Sport Rugby

Sunday 24 September 2017

Central Fusion

THE NEW Size matters

Jon Davies & Jamie Roberts (Wales)

Roberts has the physique to make an excellent blind-side flanker, while Davies has the build of a heavyweight boxer and, despite his tree-trunk thighs, can shift it a bit also. Handling skills of both players are developing to match their muscle.

Yannick Jauzion & Aurelien Rougerie (France)

Having two 6' 4" centres carries considerable advantages, particularly when they have the pace and footballing nous of these Frenchmen. Their height also turns the Garryowen-chase into an effective offensive tool -- as Ireland discovered last month.

Shontayne Hape & Mike

Tindall (England)

A right pair of bruisers. Having a carthorse like Tindall in the jersey once graced by Jeremy Guscott grates a bit, but there is no doubting the physical impact of England's unlikely duo. Their greatest strength is creating space for a back three packed with finishing menace.

THE OLD

Rapier and bludgeon

Tim Horan & Jason Little (Australia)

One of the best centre partnerships in rugby history. Horan was squat, fast and powerful, while Little was graceful and lithe outside him. Inspirational in Australia's 1991 World Cup win and still going strong when they won their second title eight years later.

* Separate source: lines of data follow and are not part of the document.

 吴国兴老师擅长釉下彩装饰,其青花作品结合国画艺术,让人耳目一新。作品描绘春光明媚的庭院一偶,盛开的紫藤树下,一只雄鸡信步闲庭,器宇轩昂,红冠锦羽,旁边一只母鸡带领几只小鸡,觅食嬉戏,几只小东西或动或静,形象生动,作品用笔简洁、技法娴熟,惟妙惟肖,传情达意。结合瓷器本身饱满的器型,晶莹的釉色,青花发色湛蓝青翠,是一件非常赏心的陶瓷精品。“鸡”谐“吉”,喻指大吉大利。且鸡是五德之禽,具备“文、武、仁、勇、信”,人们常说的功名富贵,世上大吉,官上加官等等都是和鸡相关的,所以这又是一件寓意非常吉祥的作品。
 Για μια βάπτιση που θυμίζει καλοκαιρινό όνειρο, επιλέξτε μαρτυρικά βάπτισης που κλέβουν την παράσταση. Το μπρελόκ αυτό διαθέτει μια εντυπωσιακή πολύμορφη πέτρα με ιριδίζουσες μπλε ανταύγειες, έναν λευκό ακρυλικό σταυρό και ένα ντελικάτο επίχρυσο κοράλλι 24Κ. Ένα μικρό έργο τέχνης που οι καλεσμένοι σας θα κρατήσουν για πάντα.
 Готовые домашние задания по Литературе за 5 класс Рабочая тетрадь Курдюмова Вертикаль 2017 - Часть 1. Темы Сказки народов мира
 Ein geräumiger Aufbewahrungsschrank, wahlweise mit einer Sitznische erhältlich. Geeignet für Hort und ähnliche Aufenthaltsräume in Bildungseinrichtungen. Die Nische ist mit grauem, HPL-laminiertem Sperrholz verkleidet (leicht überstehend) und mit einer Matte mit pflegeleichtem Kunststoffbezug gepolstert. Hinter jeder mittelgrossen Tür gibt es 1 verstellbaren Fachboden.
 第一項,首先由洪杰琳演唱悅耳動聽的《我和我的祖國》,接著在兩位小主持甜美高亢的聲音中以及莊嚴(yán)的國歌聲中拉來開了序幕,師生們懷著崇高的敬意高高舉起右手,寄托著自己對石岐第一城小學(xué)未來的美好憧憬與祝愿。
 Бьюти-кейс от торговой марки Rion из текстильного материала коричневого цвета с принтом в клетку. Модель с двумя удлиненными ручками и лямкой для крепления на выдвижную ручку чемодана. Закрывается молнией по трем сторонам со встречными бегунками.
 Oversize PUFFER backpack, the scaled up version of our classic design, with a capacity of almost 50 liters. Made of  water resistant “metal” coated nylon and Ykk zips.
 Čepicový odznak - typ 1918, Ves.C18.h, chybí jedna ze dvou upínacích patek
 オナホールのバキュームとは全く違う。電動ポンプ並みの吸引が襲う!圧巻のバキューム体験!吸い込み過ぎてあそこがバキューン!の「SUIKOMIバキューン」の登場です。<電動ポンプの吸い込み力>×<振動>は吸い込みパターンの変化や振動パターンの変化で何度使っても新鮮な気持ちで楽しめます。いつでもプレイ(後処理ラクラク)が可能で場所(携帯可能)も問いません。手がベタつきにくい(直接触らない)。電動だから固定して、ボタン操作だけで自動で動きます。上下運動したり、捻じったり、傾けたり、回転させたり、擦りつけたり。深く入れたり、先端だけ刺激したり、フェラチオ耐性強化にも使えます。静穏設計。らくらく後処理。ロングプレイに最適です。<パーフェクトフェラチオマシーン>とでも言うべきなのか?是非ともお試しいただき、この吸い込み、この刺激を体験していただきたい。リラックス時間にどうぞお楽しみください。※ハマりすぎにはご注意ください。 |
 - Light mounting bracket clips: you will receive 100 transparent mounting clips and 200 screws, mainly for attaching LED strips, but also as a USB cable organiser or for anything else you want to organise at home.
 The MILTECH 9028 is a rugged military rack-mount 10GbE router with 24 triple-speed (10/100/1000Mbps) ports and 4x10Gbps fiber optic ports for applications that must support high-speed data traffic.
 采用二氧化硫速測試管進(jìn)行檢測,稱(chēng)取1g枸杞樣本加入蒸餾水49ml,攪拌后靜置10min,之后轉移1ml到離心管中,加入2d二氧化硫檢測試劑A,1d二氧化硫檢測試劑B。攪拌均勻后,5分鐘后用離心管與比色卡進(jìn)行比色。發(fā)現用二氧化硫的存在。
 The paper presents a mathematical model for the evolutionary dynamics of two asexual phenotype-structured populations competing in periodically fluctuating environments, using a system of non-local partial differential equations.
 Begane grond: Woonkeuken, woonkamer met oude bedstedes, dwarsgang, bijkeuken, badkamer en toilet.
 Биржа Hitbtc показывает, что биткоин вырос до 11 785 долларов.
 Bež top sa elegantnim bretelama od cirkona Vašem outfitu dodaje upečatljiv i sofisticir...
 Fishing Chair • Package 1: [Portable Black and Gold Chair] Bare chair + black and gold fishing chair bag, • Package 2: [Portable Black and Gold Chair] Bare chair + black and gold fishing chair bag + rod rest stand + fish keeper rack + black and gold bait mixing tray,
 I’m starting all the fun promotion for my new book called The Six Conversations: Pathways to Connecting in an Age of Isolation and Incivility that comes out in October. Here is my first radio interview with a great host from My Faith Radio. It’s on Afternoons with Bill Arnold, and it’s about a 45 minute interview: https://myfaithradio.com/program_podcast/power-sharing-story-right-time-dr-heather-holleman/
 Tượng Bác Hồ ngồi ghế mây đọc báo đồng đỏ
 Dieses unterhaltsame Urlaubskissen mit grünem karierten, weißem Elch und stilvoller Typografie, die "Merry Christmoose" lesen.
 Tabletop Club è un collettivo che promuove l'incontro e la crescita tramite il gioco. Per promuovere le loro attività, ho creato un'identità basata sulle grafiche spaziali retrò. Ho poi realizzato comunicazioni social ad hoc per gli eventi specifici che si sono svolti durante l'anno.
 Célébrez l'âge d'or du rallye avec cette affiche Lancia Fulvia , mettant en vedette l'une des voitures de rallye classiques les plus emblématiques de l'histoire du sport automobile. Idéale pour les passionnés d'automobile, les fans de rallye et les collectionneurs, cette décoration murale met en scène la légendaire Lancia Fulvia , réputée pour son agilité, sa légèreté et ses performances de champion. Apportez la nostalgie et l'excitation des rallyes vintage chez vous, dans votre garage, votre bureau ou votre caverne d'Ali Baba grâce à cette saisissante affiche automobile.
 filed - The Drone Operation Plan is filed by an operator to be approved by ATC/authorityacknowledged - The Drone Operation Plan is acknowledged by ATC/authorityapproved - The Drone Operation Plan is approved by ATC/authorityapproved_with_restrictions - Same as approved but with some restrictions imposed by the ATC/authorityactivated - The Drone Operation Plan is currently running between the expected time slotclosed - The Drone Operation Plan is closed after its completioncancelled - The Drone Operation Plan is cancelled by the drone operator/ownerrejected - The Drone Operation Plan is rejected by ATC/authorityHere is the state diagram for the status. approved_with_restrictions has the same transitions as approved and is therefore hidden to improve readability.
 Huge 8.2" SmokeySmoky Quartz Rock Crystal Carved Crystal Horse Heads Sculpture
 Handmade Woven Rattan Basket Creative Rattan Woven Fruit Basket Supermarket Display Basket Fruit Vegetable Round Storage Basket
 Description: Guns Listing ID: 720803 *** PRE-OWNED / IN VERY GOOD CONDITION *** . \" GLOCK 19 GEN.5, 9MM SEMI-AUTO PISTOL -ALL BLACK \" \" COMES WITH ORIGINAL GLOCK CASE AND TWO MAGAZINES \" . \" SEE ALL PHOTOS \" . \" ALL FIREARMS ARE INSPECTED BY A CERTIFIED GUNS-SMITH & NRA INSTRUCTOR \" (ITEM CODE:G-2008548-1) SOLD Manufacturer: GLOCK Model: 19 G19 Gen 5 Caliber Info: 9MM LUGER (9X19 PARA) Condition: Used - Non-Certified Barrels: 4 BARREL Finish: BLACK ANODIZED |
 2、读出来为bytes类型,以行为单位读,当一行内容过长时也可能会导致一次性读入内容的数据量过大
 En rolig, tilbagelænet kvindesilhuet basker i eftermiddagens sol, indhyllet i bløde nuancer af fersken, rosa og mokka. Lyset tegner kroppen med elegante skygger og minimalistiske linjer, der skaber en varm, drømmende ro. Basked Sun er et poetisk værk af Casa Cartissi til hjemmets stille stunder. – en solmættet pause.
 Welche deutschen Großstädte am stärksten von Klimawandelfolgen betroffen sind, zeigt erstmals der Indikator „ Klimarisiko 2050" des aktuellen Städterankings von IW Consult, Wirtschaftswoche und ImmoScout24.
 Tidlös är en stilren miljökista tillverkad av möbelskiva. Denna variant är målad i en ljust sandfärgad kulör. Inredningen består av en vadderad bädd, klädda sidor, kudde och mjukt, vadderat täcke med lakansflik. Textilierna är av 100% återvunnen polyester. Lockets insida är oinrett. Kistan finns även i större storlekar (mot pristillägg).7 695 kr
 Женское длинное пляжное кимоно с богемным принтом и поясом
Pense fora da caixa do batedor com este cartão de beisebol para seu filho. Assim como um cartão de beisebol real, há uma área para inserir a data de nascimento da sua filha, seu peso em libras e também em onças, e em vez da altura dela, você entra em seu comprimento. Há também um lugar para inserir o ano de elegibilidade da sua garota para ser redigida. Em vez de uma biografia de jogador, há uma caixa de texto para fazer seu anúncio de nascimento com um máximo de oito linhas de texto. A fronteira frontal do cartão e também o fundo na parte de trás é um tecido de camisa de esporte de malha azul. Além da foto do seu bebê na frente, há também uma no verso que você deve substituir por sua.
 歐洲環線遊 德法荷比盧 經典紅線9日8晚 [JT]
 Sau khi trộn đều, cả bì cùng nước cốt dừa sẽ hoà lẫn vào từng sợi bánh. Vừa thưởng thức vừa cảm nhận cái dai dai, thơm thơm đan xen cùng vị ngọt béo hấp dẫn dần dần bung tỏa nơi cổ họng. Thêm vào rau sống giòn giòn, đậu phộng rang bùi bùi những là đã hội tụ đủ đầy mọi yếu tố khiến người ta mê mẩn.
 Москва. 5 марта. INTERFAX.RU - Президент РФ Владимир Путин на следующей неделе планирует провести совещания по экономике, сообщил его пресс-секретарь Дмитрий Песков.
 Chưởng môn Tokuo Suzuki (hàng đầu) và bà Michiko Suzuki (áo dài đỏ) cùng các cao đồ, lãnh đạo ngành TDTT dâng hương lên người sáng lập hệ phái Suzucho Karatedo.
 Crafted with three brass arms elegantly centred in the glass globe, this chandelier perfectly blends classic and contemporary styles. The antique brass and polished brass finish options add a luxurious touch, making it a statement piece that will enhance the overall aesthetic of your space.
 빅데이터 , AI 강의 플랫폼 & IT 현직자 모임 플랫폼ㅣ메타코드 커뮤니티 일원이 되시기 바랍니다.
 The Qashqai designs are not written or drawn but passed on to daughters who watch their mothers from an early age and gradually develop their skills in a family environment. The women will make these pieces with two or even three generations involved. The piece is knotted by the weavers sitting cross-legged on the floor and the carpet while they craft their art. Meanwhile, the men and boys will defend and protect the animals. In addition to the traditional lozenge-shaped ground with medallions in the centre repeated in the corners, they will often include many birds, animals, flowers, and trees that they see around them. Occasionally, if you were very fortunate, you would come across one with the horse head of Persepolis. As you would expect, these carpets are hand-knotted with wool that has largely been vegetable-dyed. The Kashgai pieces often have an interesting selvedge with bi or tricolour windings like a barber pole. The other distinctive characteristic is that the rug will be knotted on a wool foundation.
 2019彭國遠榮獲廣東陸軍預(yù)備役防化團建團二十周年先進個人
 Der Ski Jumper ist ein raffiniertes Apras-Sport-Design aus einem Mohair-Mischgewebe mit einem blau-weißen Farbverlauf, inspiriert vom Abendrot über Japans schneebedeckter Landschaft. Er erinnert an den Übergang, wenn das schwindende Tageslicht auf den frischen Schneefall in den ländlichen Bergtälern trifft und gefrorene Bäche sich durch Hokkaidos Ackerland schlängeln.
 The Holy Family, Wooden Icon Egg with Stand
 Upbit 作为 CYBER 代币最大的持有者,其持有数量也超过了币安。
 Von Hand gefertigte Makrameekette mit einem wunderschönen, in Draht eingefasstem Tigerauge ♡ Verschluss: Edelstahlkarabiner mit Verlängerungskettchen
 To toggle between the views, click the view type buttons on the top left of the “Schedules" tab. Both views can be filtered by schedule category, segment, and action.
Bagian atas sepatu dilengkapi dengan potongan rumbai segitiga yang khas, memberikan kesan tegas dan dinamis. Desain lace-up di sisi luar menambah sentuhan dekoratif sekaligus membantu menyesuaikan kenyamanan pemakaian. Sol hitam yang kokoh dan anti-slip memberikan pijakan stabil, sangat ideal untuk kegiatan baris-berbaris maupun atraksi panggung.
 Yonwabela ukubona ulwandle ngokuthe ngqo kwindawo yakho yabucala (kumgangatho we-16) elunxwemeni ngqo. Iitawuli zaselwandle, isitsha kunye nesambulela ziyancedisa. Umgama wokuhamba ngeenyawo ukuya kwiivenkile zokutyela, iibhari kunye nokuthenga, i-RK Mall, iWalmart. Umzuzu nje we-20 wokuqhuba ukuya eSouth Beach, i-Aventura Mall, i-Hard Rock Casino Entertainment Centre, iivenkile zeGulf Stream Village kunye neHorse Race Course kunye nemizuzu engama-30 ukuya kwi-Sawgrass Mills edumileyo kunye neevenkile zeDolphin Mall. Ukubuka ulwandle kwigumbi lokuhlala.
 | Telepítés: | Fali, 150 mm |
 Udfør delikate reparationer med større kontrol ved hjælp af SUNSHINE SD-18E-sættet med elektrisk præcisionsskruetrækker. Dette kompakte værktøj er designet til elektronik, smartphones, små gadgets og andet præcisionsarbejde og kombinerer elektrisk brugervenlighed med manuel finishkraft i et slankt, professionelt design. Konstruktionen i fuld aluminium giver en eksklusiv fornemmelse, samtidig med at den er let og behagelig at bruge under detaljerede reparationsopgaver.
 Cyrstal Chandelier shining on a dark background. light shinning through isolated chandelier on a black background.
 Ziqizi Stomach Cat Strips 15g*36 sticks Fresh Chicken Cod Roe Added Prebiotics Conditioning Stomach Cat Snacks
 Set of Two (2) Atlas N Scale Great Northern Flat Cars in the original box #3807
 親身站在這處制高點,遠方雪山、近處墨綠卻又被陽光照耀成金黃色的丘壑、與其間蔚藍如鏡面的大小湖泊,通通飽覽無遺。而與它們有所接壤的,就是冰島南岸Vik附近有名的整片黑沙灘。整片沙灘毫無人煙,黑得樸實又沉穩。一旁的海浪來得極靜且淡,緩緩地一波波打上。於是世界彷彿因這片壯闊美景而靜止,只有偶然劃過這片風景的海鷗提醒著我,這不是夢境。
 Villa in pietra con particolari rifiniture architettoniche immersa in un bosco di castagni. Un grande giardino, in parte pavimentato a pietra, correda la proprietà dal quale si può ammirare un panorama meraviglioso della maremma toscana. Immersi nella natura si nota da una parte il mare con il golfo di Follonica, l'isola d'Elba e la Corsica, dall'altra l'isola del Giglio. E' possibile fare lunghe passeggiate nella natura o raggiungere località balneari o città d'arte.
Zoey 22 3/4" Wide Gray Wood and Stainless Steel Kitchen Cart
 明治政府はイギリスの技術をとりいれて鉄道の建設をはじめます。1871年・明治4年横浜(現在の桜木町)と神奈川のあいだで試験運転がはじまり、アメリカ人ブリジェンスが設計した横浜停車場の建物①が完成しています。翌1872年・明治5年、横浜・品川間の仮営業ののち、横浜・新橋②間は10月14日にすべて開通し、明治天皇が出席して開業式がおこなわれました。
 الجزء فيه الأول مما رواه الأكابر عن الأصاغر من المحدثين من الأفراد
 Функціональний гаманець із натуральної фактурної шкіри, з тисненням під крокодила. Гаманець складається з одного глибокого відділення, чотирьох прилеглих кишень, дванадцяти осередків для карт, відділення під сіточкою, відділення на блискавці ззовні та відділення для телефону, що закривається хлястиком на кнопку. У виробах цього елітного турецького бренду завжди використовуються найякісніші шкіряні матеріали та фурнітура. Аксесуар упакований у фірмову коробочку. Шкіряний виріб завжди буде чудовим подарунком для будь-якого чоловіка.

Will Carling & Jeremy Guscott (England)

Carling, rather unfairly, became something of a posh-boy caricature, but he was a fantastic rugby player who would have deservedly captained the Lions, but for political manoeuvring. Strong on the ball and in the tackle, Carling formed a superb partnership with Guscott, who was, quite simply, an artist at outside-centre.

Franck Mesnel & Philippe

Sella (France)

A classic combination. Mesnel spent the majority of his early international career at out-half, but became Sella's regular partner from 1990 with devastating success. Mesnel could kick, pass and bust tackles, while Sella was the glider extraordinaire.

Rob Henderson & Brian O'Driscoll (Ireland and Lions)

Henderson was an old-fashioned crash-ball No 12, who dovetailed beautifully with O'Driscoll on the Lions tour to Australia in 2001. O'Driscoll knew how to play off his partner's directness, swooping in once the hole had been created.

. . AND THE IDEAL

Ma'a Nonu/Sonny Bill Williams/

Conrad Smith (New Zealand)

The All Blacks appear to have everything covered in a mixture of old and new. Nonu and Williams have the bulk and off-loading skills (Nonu has come on hugely in this regard), while Smith provides the cerebrals and a touch of class at No 13.